The claim that Funds Of Hedge Funds (FOHFs) are able to make money in any market conditions has not proved to be correct, according to S&P Capital IQ Fund Research.
“In theory, FOHFs are supposed to make money in all market conditions; in reality their performance tends to suffer when equity markets are falling, albeit to a lesser degree,” says fund analyst and sector head Randal Goldsmith, in his latest review of FOHFs.
In light of this and given the increasing dependence of funds-of-hedge-funds (FOHFs) on market conditions, S&P Capital IQ Fund Research says it plans to pay more attention to their returns relative to comparable peers and less to performance versus absolute return targets.
“If we had continued to focus on performance versus absolute return targets, over 90% of the peer group would be ungradable,” explains Goldsmith.
Goldsmith adds that FOHFs have also struggled when securities markets are not fundamentally driven, such as during periods of liquidity withdrawal or when politics dominate, as they did last year. During 2011, FOHFs experienced a slightly bigger loss than equities (-5.7% on average versus the S&P Global 1200 return of -5.1%).
While the decision to adapt the analytical process to place more emphasis on comparative returns was simple to make, explains Goldsmith, the process of comparing FOHFs against others with a similar strategy is not straightforward due to the diversity within the sector as a whole and then even within broad strategy groupings.
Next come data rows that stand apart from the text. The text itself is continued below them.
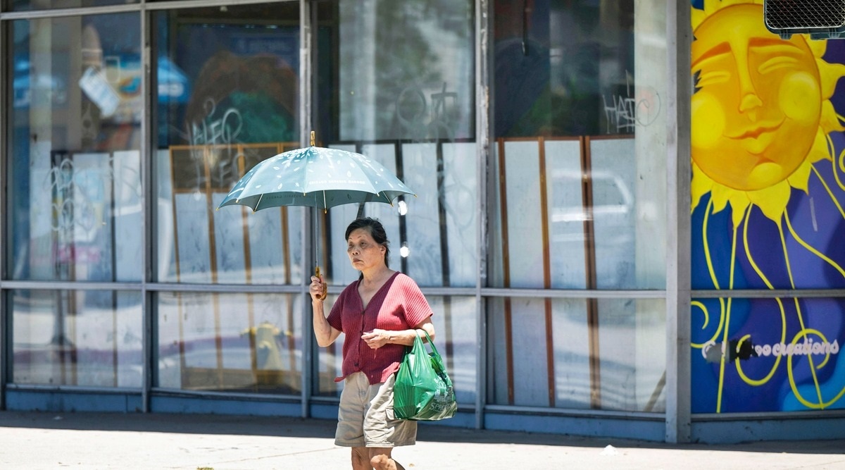 A woman finds shade in the midday heat from a parasol in North Hollywood, California, on July 19, 2023, as a heatwave continues. (Sarah Reingewirtz/The Orange County Register via AP)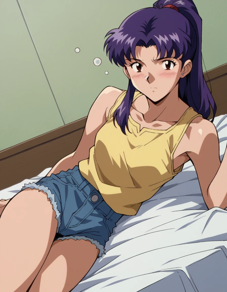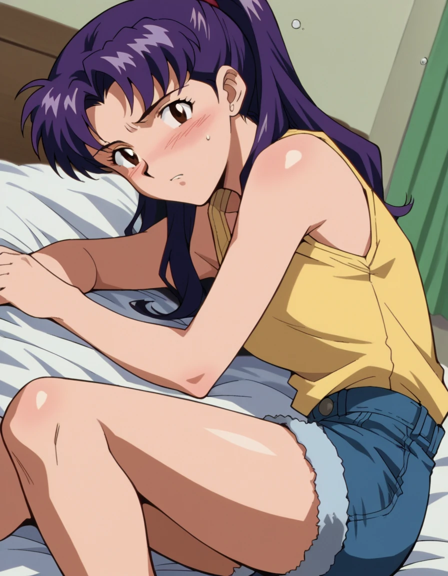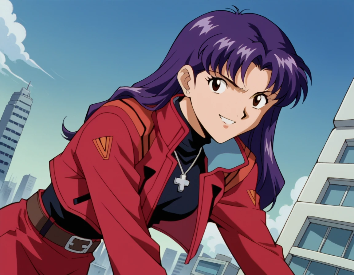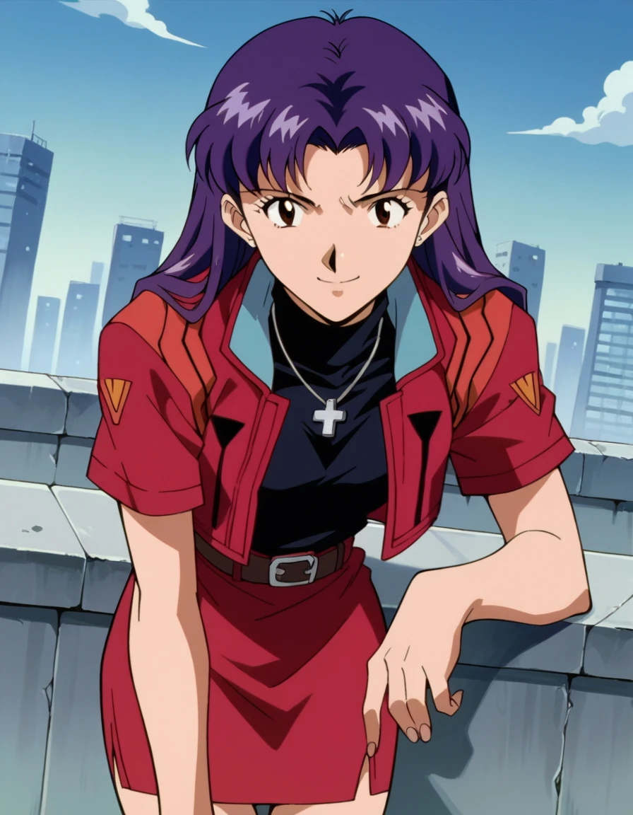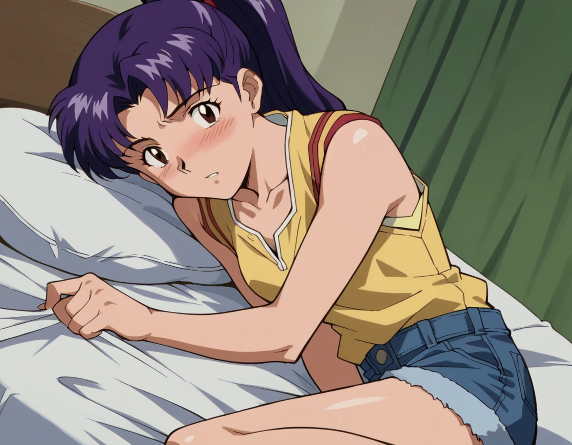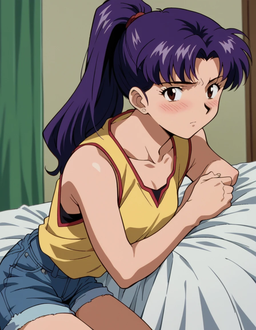 misato katsuragi, long hair, brown eyes, purple hair, parted bangs, ponytail, sidelocks,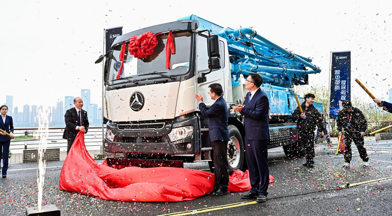 Xe bơm bê tông lai SANY. Ảnh: SANY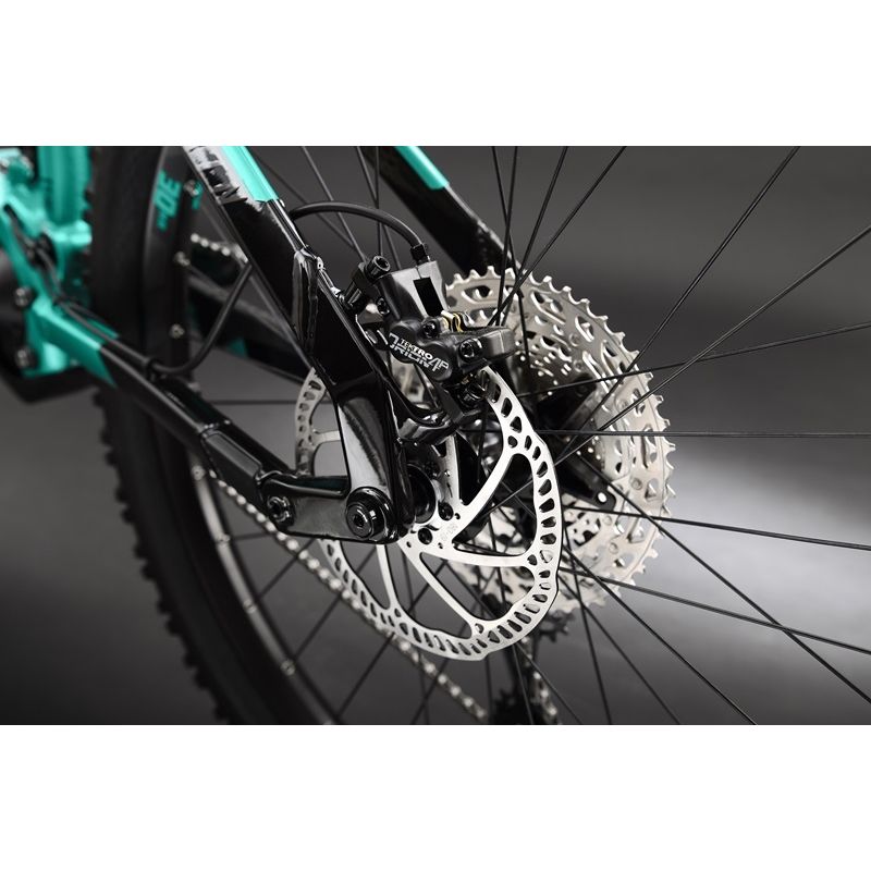 Le vélo est équipé d’une roue de 29 Pouces + à l’avant pour vous permettre de franchir plus facilement les obstacles et d’une roue 27,5+ à l’arrière pour trouver la traction et la motricité nécessaire dans les descentes.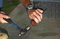 Ouch! Betcha haven’t seen many people do this. Making holes in EMT’s is best done with a sharp awl and a hammer. Trust me. Those tires are pretty tough. Image: Author |

Goldsmith offers some examples to show how the analysts have been looking at the funds: “For multi-strategy funds, we separate out more aggressive funds such as Permal Investment Holdings and Thames River Warrior from lower volatility multi-strategy FOHFs such as Stenham Universal, HDF Multi-Strategies and the Absolute Fund. We also look at the performance of directional FOHFs against long-only equity indices. In addition, we break up funds of equity hedge funds into regional sub-groups.”